=== Data for review ===

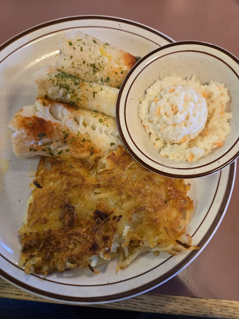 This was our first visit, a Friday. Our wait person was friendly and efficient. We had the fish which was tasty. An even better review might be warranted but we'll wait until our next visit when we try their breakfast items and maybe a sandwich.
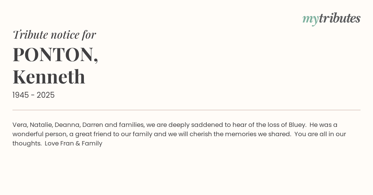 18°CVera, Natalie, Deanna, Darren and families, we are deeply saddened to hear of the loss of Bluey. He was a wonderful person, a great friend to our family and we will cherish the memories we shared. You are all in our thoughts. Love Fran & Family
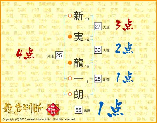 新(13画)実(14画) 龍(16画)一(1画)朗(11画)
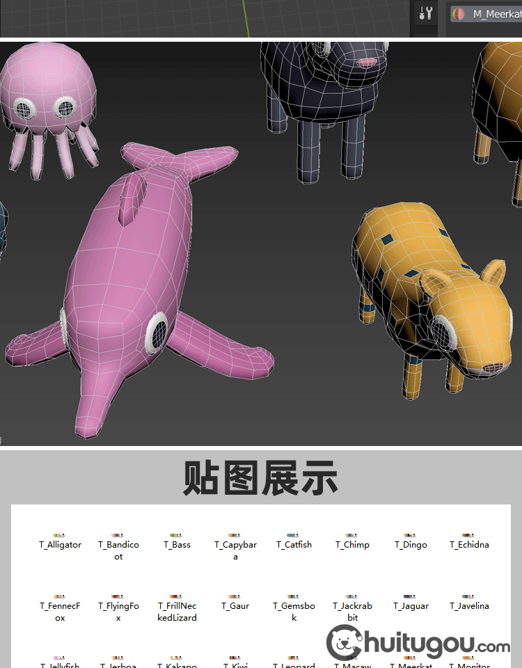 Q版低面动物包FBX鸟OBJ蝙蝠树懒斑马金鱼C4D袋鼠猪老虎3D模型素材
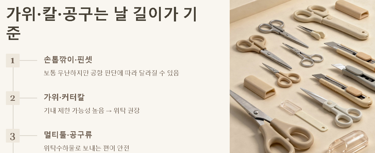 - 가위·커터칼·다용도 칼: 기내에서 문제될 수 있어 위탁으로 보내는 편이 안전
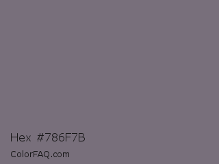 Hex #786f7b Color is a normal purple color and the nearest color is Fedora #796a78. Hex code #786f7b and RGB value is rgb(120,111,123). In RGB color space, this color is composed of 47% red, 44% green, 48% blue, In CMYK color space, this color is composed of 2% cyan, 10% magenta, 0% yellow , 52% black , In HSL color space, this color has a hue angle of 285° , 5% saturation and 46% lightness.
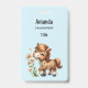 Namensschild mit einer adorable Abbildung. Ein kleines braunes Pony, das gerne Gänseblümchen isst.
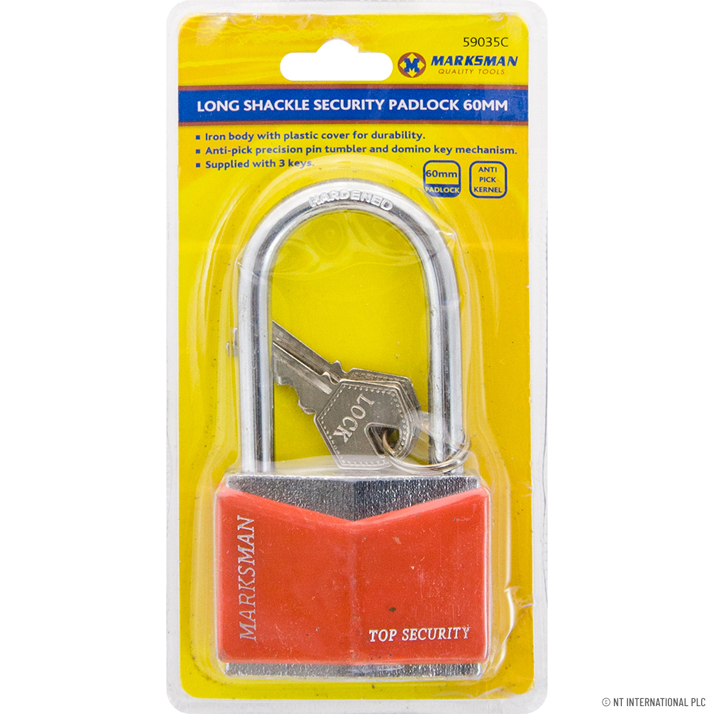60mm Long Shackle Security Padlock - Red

=== Your task ===
Nothing but the records, restated word for word and stripped of images, belongs in the answer.

=== Response for this exercise ===
 This was our first visit, a Friday. Our wait person was friendly and efficient. We had the fish which was tasty. An even better review might be warranted but we'll wait until our next visit when we try their breakfast items and maybe a sandwich.
 18°CVera, Natalie, Deanna, Darren and families, we are deeply saddened to hear of the loss of Bluey. He was a wonderful person, a great friend to our family and we will cherish the memories we shared. You are all in our thoughts. Love Fran & Family
 新(13画)実(14画) 龍(16画)一(1画)朗(11画)
 Q版低面动物包FBX鸟OBJ蝙蝠树懒斑马金鱼C4D袋鼠猪老虎3D模型素材
 - 가위·커터칼·다용도 칼: 기내에서 문제될 수 있어 위탁으로 보내는 편이 안전
 Hex #786f7b Color is a normal purple color and the nearest color is Fedora #796a78. Hex code #786f7b and RGB value is rgb(120,111,123). In RGB color space, this color is composed of 47% red, 44% green, 48% blue, In CMYK color space, this color is composed of 2% cyan, 10% magenta, 0% yellow , 52% black , In HSL color space, this color has a hue angle of 285° , 5% saturation and 46% lightness.
 Namensschild mit einer adorable Abbildung. Ein kleines braunes Pony, das gerne Gänseblümchen isst.
60mm Long Shackle Security Padlock - Red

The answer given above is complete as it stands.